Exercise directions » For the entries that follow, restate word for word the line containing "สร้อยคอจี้ดอกไ", the line containing "Schüco Türdrücker, Türgriff", and every line that lies between them.

Dataset entries »
- - -

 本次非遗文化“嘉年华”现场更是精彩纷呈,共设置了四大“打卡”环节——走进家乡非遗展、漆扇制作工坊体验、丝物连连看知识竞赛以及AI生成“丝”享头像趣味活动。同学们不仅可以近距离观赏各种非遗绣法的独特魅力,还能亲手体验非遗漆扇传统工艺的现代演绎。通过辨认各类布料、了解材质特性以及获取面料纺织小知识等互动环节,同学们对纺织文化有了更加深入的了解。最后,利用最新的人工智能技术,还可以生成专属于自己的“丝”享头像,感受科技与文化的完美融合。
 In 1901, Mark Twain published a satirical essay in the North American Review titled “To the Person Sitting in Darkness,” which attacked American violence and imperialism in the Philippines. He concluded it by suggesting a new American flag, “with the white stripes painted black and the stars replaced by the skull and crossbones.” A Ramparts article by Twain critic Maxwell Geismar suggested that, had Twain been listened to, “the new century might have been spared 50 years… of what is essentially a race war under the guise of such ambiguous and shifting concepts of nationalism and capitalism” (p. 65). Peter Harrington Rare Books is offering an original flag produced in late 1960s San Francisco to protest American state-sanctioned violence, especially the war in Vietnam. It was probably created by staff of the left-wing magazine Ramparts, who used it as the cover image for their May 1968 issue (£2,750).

- - -

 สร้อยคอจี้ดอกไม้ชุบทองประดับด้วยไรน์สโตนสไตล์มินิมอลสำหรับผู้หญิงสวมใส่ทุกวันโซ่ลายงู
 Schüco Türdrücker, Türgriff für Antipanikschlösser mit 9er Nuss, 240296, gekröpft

- - -

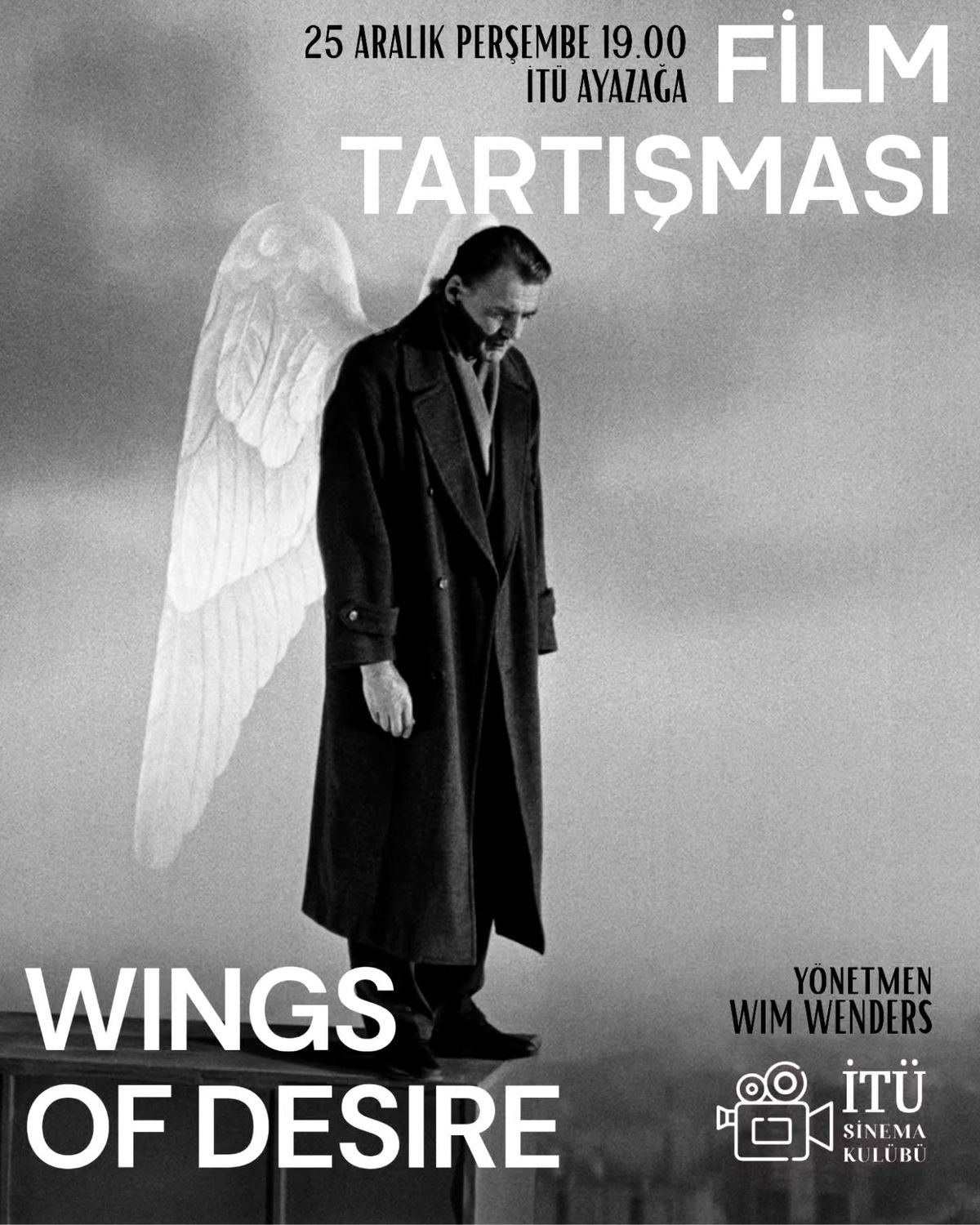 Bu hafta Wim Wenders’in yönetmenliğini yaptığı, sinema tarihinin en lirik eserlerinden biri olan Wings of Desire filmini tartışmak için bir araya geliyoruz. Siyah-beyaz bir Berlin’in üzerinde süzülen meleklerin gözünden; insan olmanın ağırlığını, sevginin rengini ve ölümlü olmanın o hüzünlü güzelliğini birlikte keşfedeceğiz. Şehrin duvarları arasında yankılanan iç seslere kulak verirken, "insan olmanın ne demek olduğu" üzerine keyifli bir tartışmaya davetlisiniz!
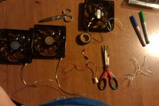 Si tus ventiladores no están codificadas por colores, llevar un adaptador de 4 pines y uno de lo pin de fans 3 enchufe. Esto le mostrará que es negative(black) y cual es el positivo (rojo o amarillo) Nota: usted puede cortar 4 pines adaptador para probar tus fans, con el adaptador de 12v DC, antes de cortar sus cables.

- - -

Task answer »
 สร้อยคอจี้ดอกไม้ชุบทองประดับด้วยไรน์สโตนสไตล์มินิมอลสำหรับผู้หญิงสวมใส่ทุกวันโซ่ลายงู
 Schüco Türdrücker, Türgriff für Antipanikschlösser mit 9er Nuss, 240296, gekröpft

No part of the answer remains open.